** Record excerpts follows **
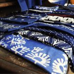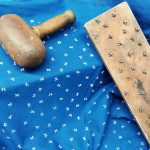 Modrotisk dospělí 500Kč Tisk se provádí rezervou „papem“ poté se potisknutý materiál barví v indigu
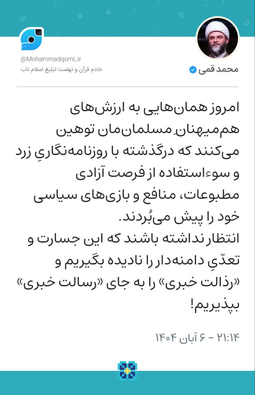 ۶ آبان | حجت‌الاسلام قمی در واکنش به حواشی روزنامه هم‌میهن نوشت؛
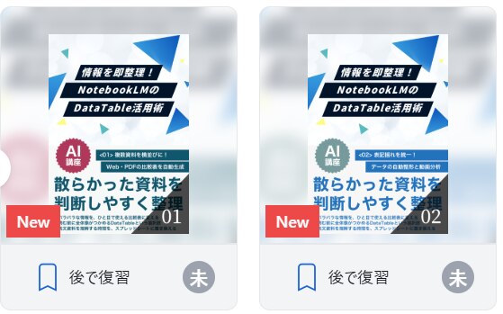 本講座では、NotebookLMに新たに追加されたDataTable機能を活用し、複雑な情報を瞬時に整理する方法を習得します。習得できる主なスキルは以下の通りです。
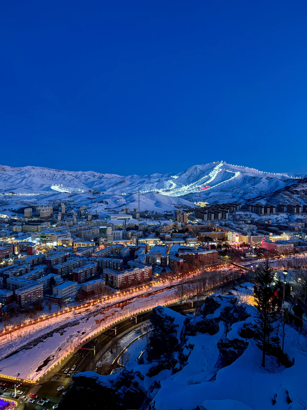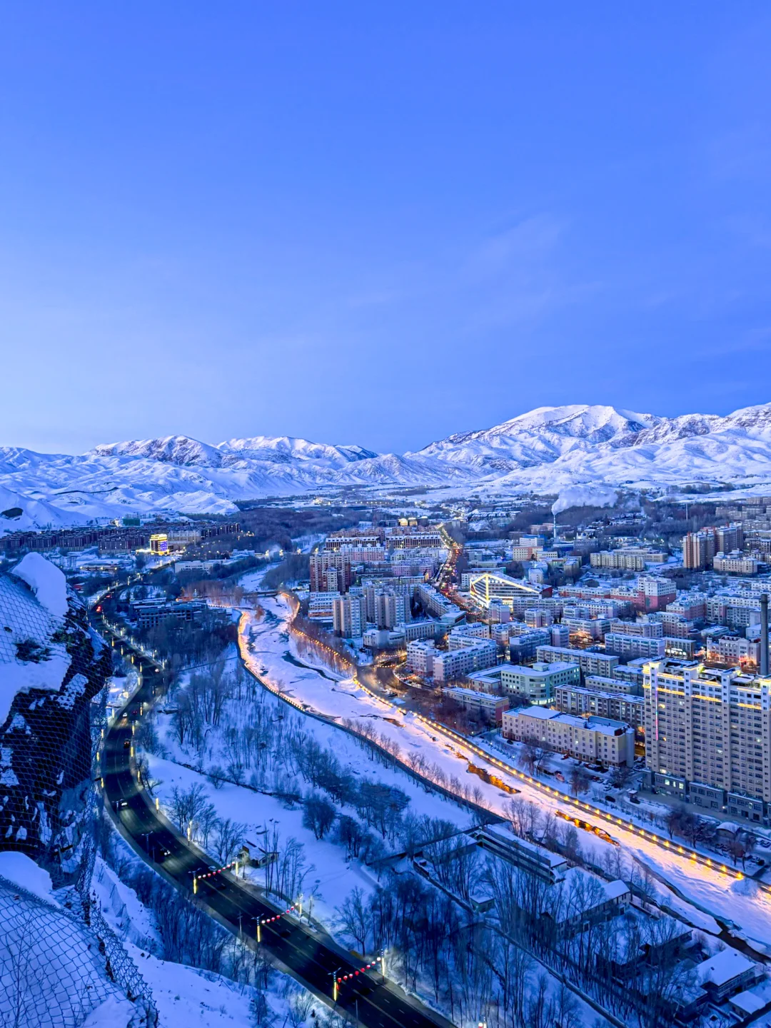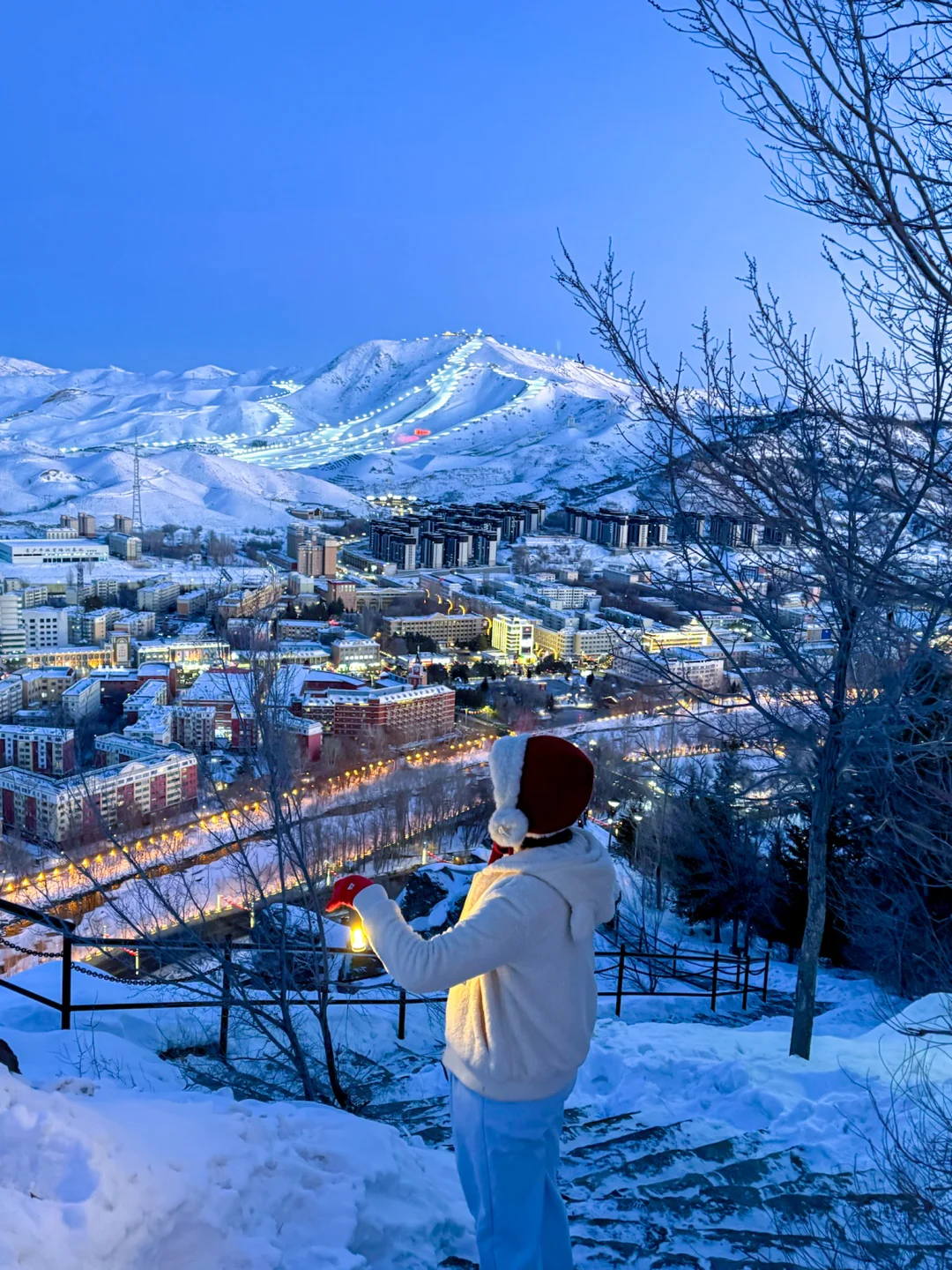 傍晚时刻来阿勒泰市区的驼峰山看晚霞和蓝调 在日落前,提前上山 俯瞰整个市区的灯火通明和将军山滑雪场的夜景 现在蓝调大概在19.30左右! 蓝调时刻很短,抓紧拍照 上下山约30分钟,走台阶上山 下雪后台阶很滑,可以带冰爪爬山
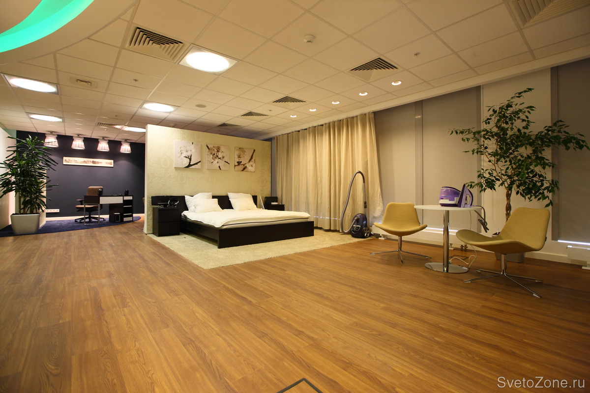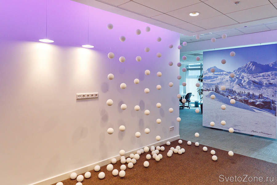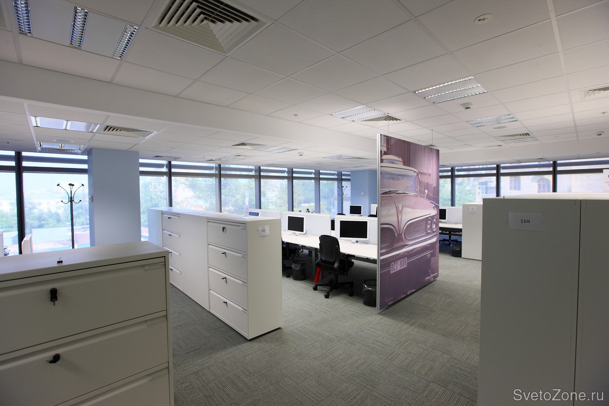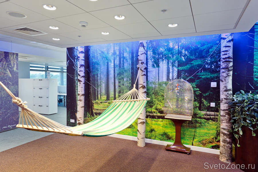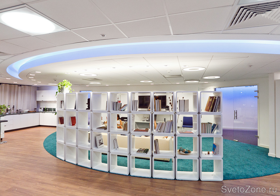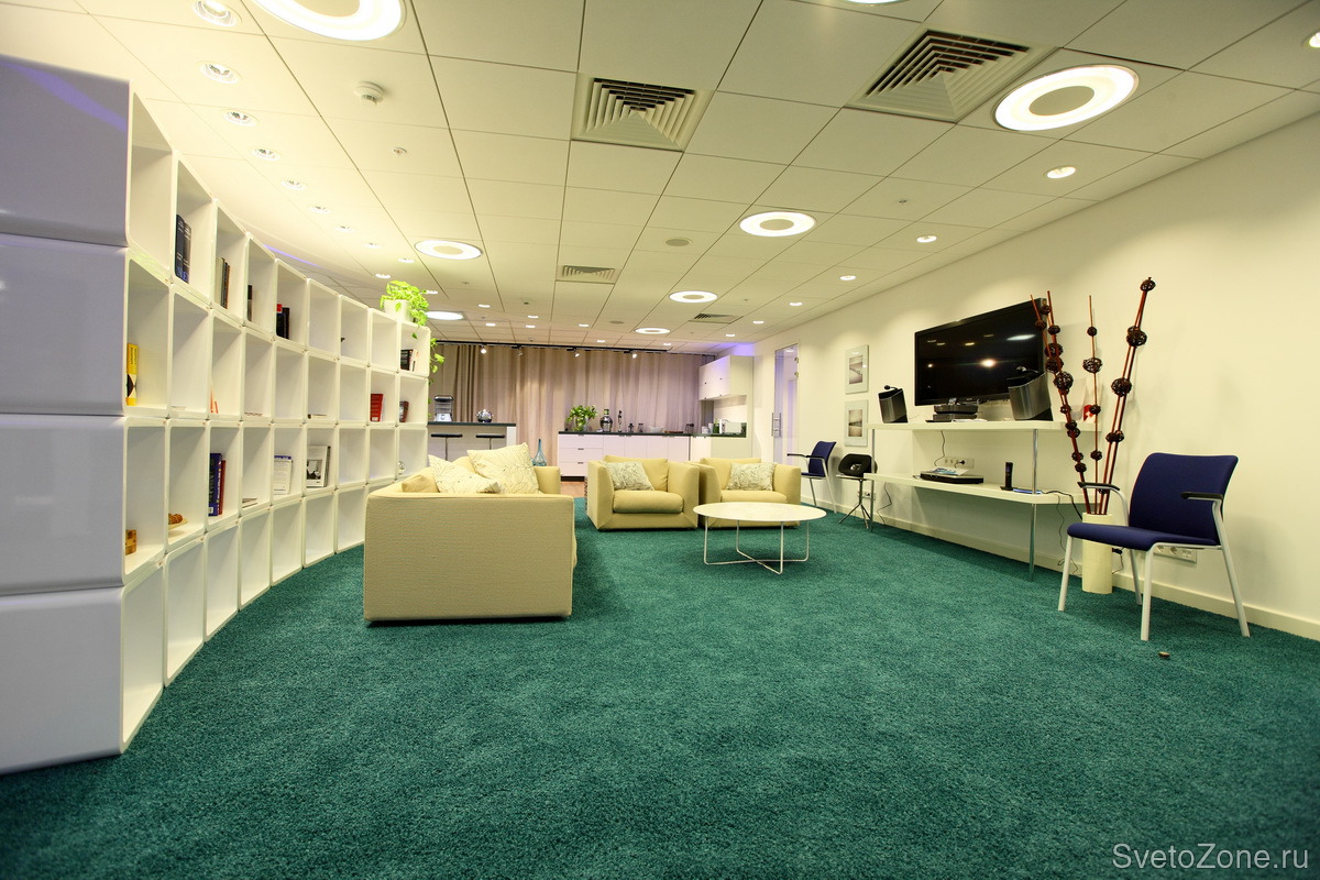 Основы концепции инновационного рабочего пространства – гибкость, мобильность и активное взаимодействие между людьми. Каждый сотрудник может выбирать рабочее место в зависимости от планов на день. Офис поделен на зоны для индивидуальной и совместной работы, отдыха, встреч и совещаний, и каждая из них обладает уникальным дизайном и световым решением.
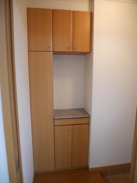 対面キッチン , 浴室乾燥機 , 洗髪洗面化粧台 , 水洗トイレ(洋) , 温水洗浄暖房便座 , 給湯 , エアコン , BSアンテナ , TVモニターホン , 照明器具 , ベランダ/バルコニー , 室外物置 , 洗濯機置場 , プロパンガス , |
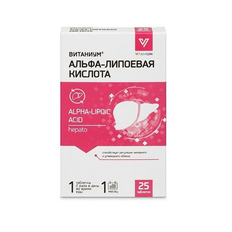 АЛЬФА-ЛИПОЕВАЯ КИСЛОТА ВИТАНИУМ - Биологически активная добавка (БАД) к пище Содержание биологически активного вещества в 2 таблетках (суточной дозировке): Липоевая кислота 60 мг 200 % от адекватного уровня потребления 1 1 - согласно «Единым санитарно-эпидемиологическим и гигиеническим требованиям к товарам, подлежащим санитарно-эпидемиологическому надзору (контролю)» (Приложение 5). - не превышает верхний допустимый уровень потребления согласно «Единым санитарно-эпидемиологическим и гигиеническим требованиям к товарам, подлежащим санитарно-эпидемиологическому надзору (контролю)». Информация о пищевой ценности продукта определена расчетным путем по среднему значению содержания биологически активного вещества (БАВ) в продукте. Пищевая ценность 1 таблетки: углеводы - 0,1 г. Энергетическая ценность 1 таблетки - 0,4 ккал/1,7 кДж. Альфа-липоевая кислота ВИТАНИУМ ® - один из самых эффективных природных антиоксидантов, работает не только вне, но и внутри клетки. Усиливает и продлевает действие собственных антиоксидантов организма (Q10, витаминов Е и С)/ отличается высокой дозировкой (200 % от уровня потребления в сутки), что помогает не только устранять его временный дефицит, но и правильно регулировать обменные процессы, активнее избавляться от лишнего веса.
** End of Record excerpts **
§ **Task brief**
Only the lines from the first line of the entries through the line containing "本講座では、Notebook" should be output, exactly as they are, without pictures.

§ **Final answer**
 Modrotisk dospělí 500Kč Tisk se provádí rezervou „papem“ poté se potisknutý materiál barví v indigu
 ۶ آبان | حجت‌الاسلام قمی در واکنش به حواشی روزنامه هم‌میهن نوشت؛
 本講座では、NotebookLMに新たに追加されたDataTable機能を活用し、複雑な情報を瞬時に整理する方法を習得します。習得できる主なスキルは以下の通りです。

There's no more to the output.